Work order: Print the lines in the listing below starting at the line with "있다.(사진=서해지방해양경찰청 ) |" and ending at the line with "Отзывы на ЭРА", both included. Reproduce them exactly and omit every picture.

─── Records to process

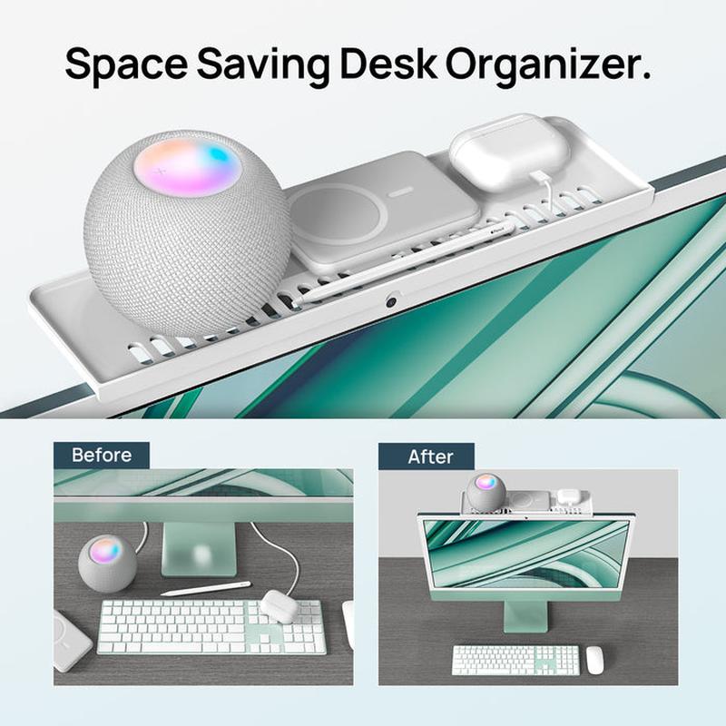 - Kompaktes Design: Spart Platz auf dem Schreibtisch durch Hinzufügen einer zusätzlichen Ablagefläche.
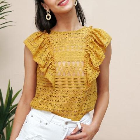 Sexy sleeveless ruffle lace blouse women O neck transparent white blouse shirt Elegant summer blusa feminian top
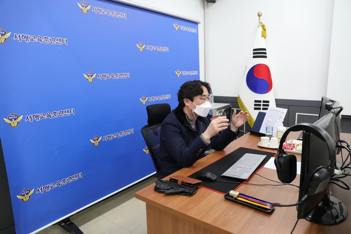 | ▲서해교육훈련센터에서 이효철 호남대학교 응급구조학과 교수가 비대면으로 현장부서 직원 대상 응급처치 역량 강화 교육을 하고 있다.(사진=서해지방해양경찰청 ) |
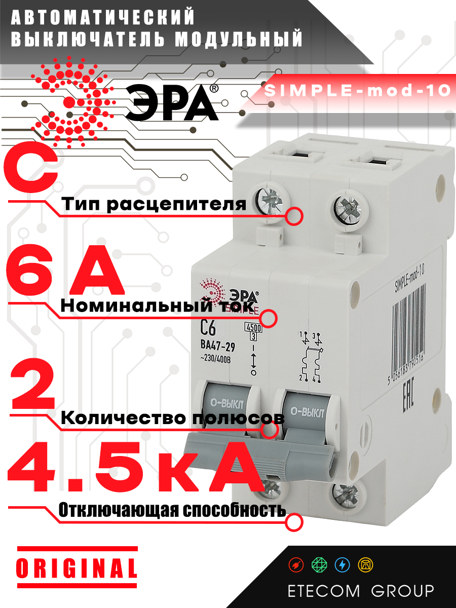 Отзывы на ЭРА SIMPLE Автоматический выключатель 2P 6А C 4,5кА ВА 47-29 Б0039227
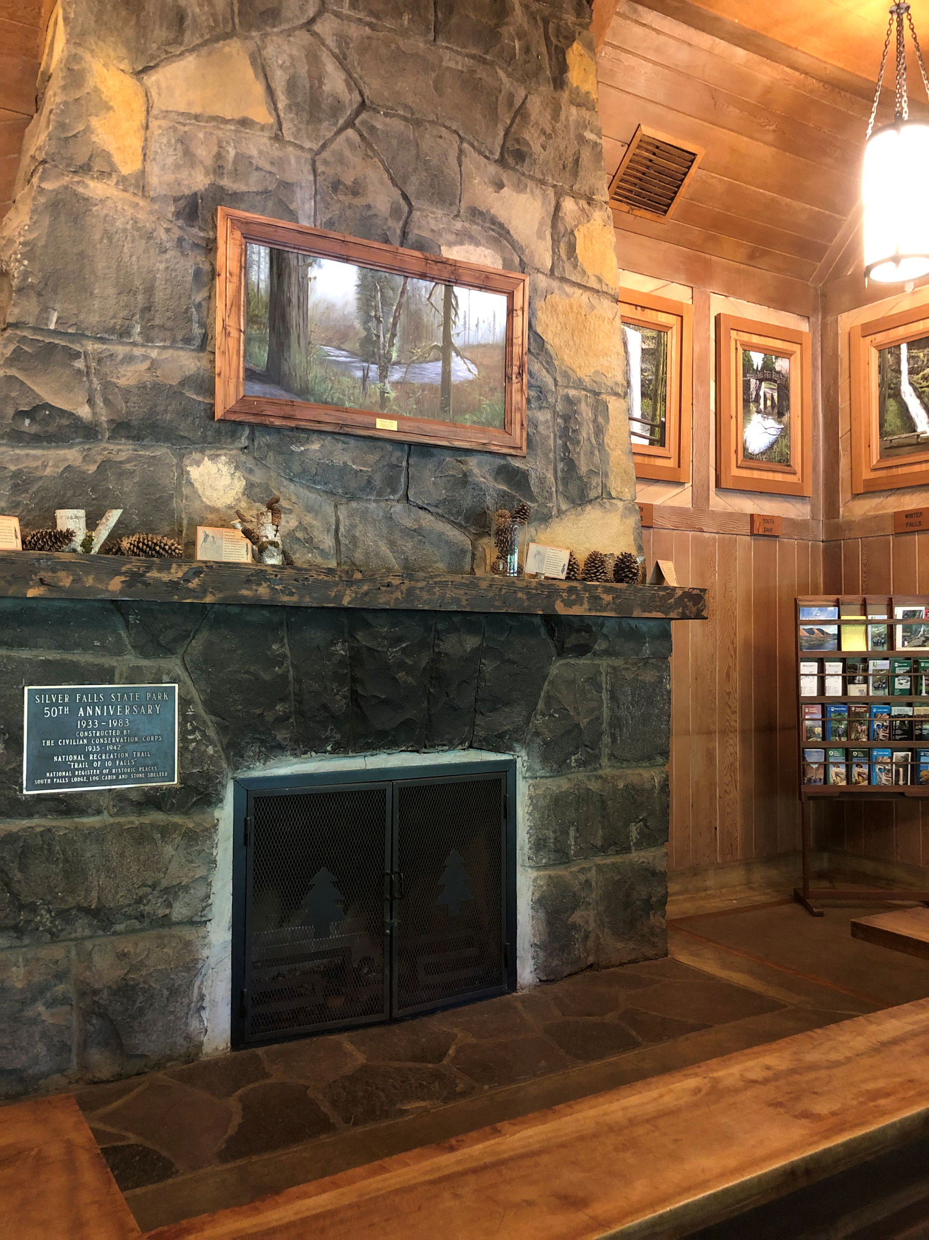 On the map I saw there was a café! I mean, this place, seriously. So we walked from the campground almost a mile to the place where the café was supposed to be, which was on the way to the falls anyway. There is an adjacent lodge that holds a restaurant and I would have been happy for either, to go indoors, get a hot coffee and thaw out. The sign on the door said “closed Mondays.”

──────

Output for this task:
 | ▲서해교육훈련센터에서 이효철 호남대학교 응급구조학과 교수가 비대면으로 현장부서 직원 대상 응급처치 역량 강화 교육을 하고 있다.(사진=서해지방해양경찰청 ) |
 Отзывы на ЭРА SIMPLE Автоматический выключатель 2P 6А C 4,5кА ВА 47-29 Б0039227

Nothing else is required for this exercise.